- [DATA SHOWN]:
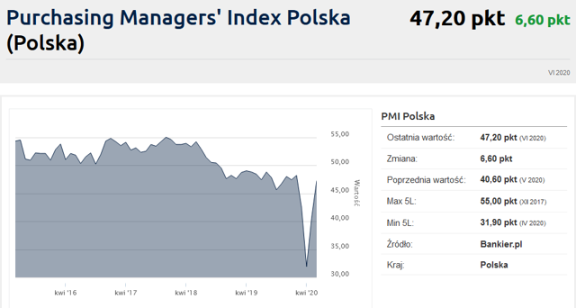 Niemniej jednak jest to wynik aż o 6,6 pkt wyższy niż w maju oraz rezultat istotnie wyższy od oczekiwanych przez ekonomistów 46,5 punktów. To także odczyt wyraźnie lepszy od wskazań za marzec, kwiecień i maj, gdy polski PMI notował rekordowo niskie wartości. Był to także drugi (po majowym skoku o 8,7 pkt) miesięczny wzrost tego wskaźnika.
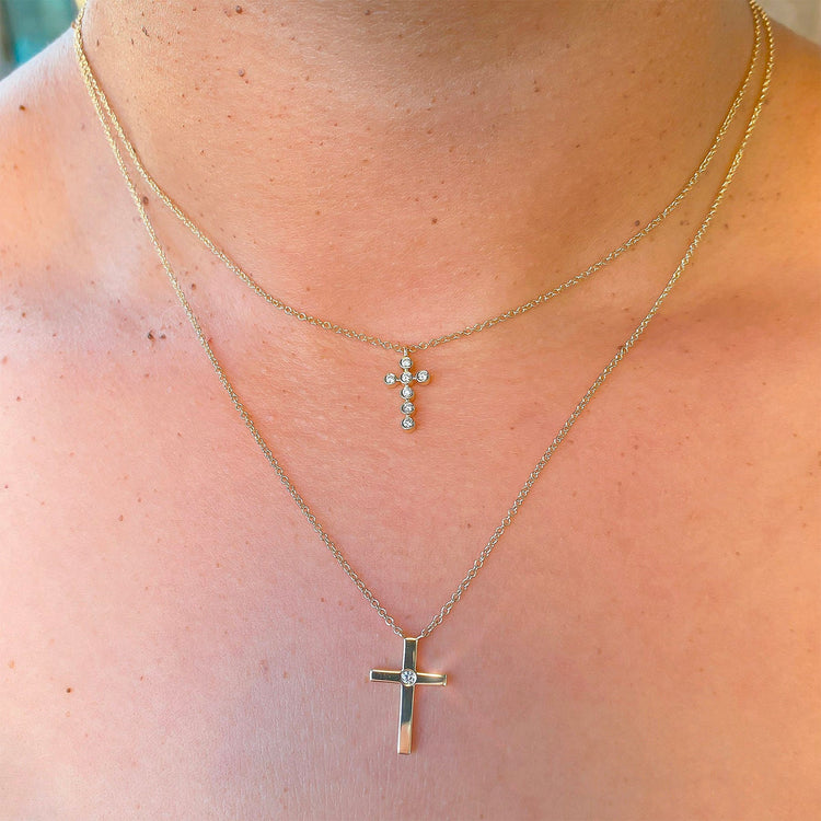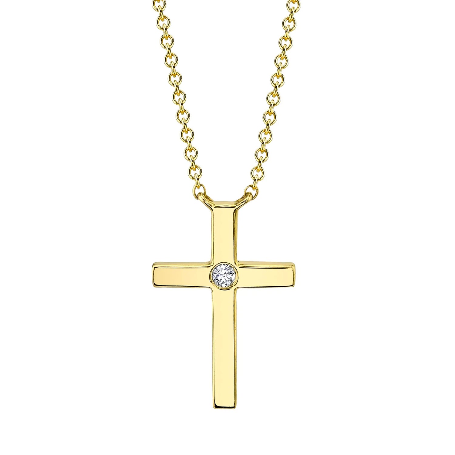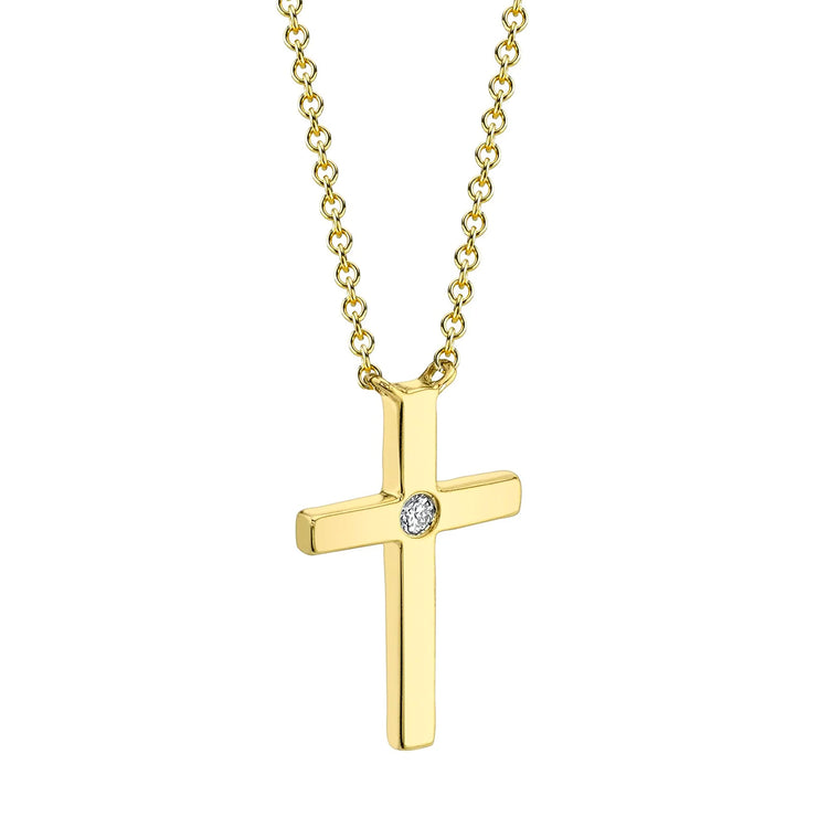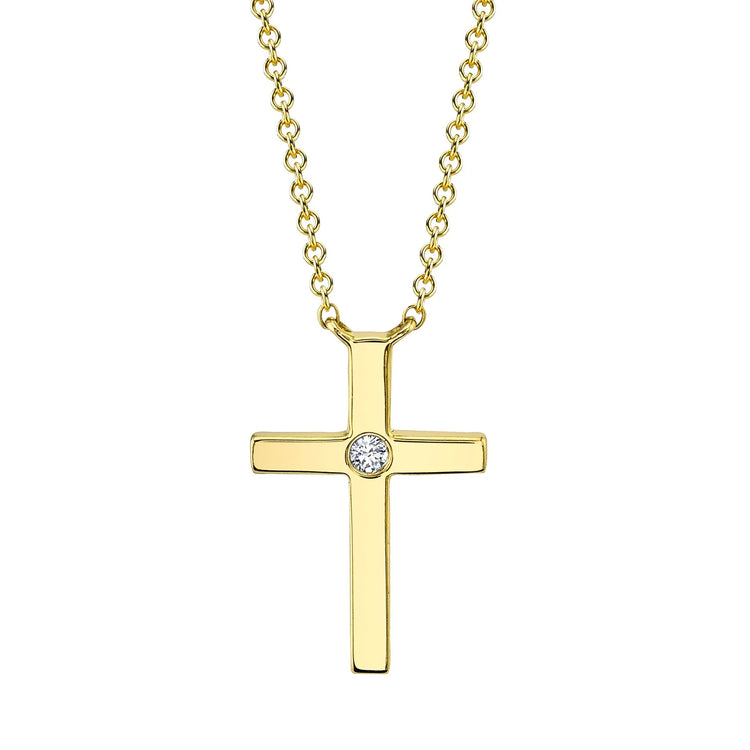 Faithfully express your devotion with this stunning Diamond Bezel Cross Necklace. Crafted from 14k yellow gold, it features a bezel-set sparkling diamond in a classic cross silhouette. Embrace your spiritual side with beautiful and meaningful jewelry that will last a lifetime.
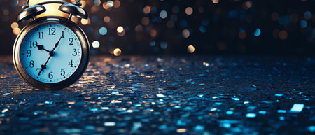 Vintage alarm clock with confetti and bokeh lights in the background, symbolizing a New Year's Eve celebration. The scene is set against a dark, blurred background, creating an atmosphere of joyous anticipation for another day filled with possibilities. This stock photo perfectly captures the festive spirit, offering it as one exquisite element to be used in your creative projects. It's perfect! --ar 71:30 --v 6.1 Job ID: 93302fac-6871-49d1-a308-3ab6ea0fa137
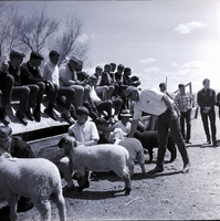 KEL 879 FFA members display their sheep at the East Magic Valley FFA District Livestock Contest held at the Jim Brooks Ranch in Hazelton. Jim Olsen walks down the line, explaining the proper way to judge sheep. A large group of FFA members sit on a sloped pen roof watching the judging.
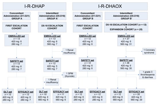 - Tixier, F.; Ranchon, F.; Iltis, A.; Vantard, N.; Schwiertz, V.; Bachy, E.; Bouafia-Sauvy, F.; Sarkozy, C.; Tournamille, J.F.; Gyan, E.; et al. Comparative Toxicities of 3 Platinum-Containing Chemotherapy Regimens in Re-lapsed/Refractory Lymphoma Patients. Hematol. Oncol. 2017, 35, 584–590. [Google Scholar] [CrossRef]
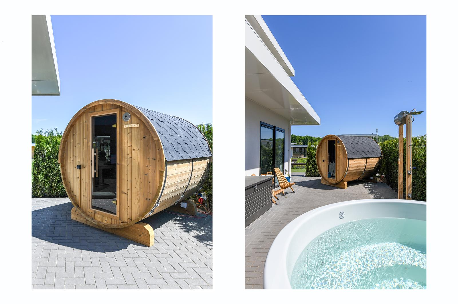 Sobald du die Schiebetüren öffnest, trittst du in einen Garten, in dem wirklich an alles gedacht wurde: ein Whirlpool zum Entspannen, eine finnische Sauna für das Extra-Wellnessgefühl, Liegestühle zum Sonnen, ein Grill für lange Sommerabende und eine gemütliche Lounge-Sitzgruppe zum Wohlfühlen.
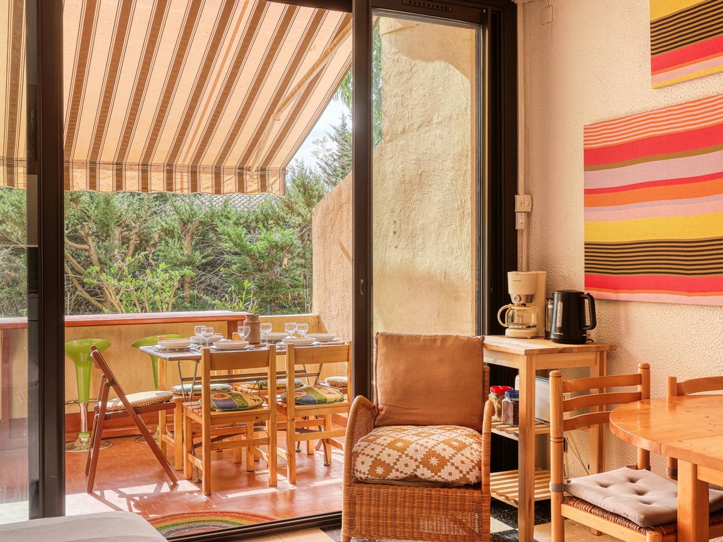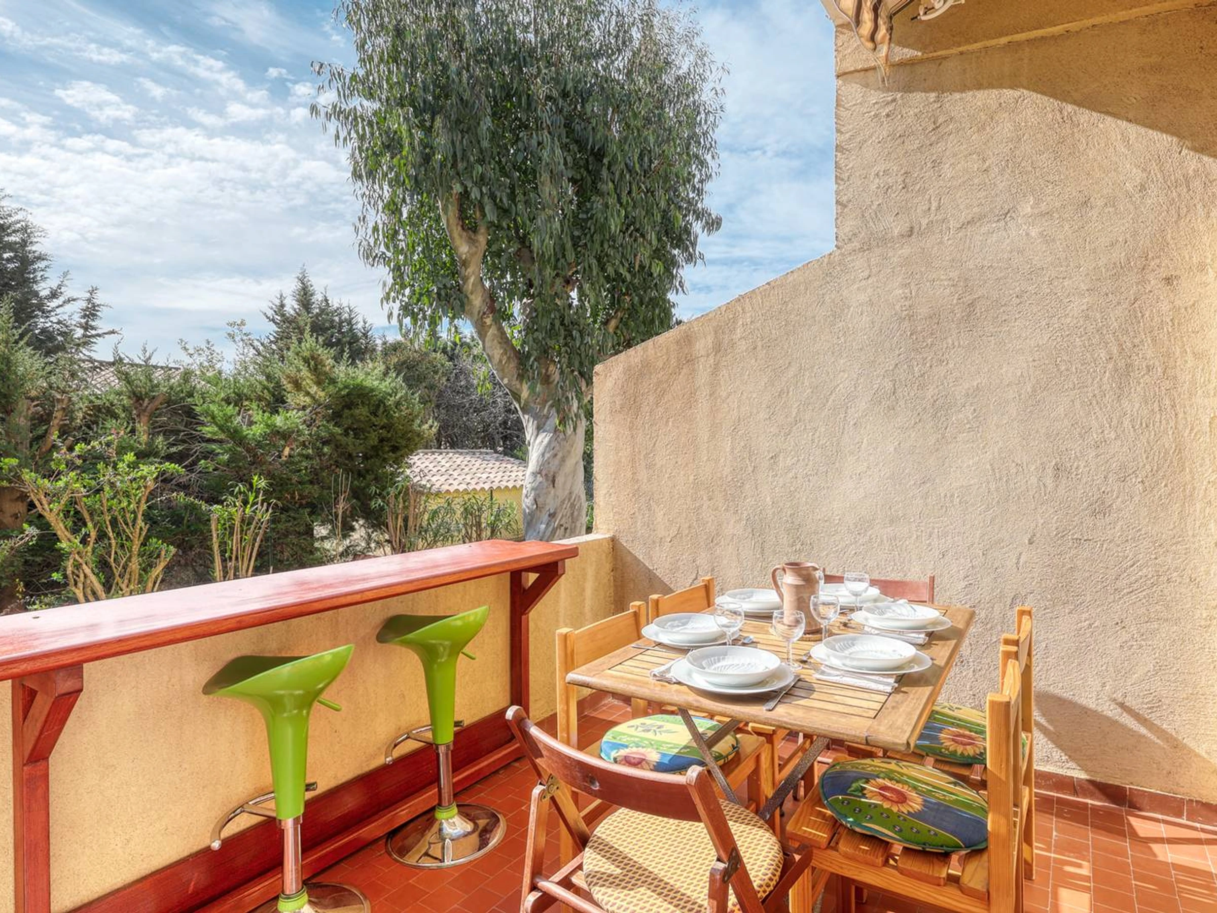 -La terrasse offre une jolie vue sur les jardins de la résidence, pour de jolies repas ou apéros en famille ou entre amis.
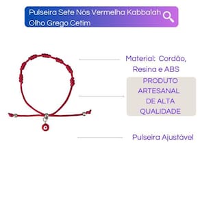 A Pulseira Sete Nós Vermelha Kabbalah Olho Grego Cetim da Bialluz é perfeita para quem busca proteção espiritual e estilo. Com cada nó representando diferentes dimensões espirituais, essa pulseira oferece imunização contra o mau olhado e é uma poderosa proteção contra perigos. Confeccionada artesanalmente com cordão e ABS, a Pulseira Sete Nós Vermelha Kabbalah Olho Grego Cetim é durável, resistente e confortável de usar. Seu design elegante permite que ela seja usada em qualquer ocasião, tornando-a um presente ideal para aniversários, graduações ou para desejar sorte àqueles que amamos. Com peso de 30 gramas e ajustável, essa pulseira é adequada para homens e mulheres. Além disso, ela pode ser benzida, trazendo ainda mais energia positiva para quem a usa. Marca: Meta Atacado Ean: 7890003939659
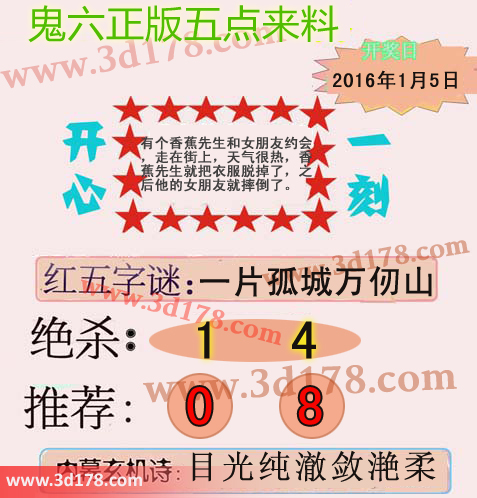 福彩3d鬼六图库第16005期鬼六正版五点来料图:第005期3d鬼六五点来料图详解:字谜:一片孤城万仞山绝杀:1 4两胆码推荐:2 7内幕玄机诗:目光纯澈敛滟柔该鬼六图库由福彩3D之家3D图库频道原创,仅供彩民参考,温馨提供。

- [DIRECTIONS]: Leave the pictures out and reproduce exactly the lines from the top of the listing above through the line with "Sobald du die".

- [ANSWER FOR THE TASK]:
 Niemniej jednak jest to wynik aż o 6,6 pkt wyższy niż w maju oraz rezultat istotnie wyższy od oczekiwanych przez ekonomistów 46,5 punktów. To także odczyt wyraźnie lepszy od wskazań za marzec, kwiecień i maj, gdy polski PMI notował rekordowo niskie wartości. Był to także drugi (po majowym skoku o 8,7 pkt) miesięczny wzrost tego wskaźnika.
 Faithfully express your devotion with this stunning Diamond Bezel Cross Necklace. Crafted from 14k yellow gold, it features a bezel-set sparkling diamond in a classic cross silhouette. Embrace your spiritual side with beautiful and meaningful jewelry that will last a lifetime.
 Vintage alarm clock with confetti and bokeh lights in the background, symbolizing a New Year's Eve celebration. The scene is set against a dark, blurred background, creating an atmosphere of joyous anticipation for another day filled with possibilities. This stock photo perfectly captures the festive spirit, offering it as one exquisite element to be used in your creative projects. It's perfect! --ar 71:30 --v 6.1 Job ID: 93302fac-6871-49d1-a308-3ab6ea0fa137
 KEL 879 FFA members display their sheep at the East Magic Valley FFA District Livestock Contest held at the Jim Brooks Ranch in Hazelton. Jim Olsen walks down the line, explaining the proper way to judge sheep. A large group of FFA members sit on a sloped pen roof watching the judging.
 - Tixier, F.; Ranchon, F.; Iltis, A.; Vantard, N.; Schwiertz, V.; Bachy, E.; Bouafia-Sauvy, F.; Sarkozy, C.; Tournamille, J.F.; Gyan, E.; et al. Comparative Toxicities of 3 Platinum-Containing Chemotherapy Regimens in Re-lapsed/Refractory Lymphoma Patients. Hematol. Oncol. 2017, 35, 584–590. [Google Scholar] [CrossRef]
 Sobald du die Schiebetüren öffnest, trittst du in einen Garten, in dem wirklich an alles gedacht wurde: ein Whirlpool zum Entspannen, eine finnische Sauna für das Extra-Wellnessgefühl, Liegestühle zum Sonnen, ein Grill für lange Sommerabende und eine gemütliche Lounge-Sitzgruppe zum Wohlfühlen.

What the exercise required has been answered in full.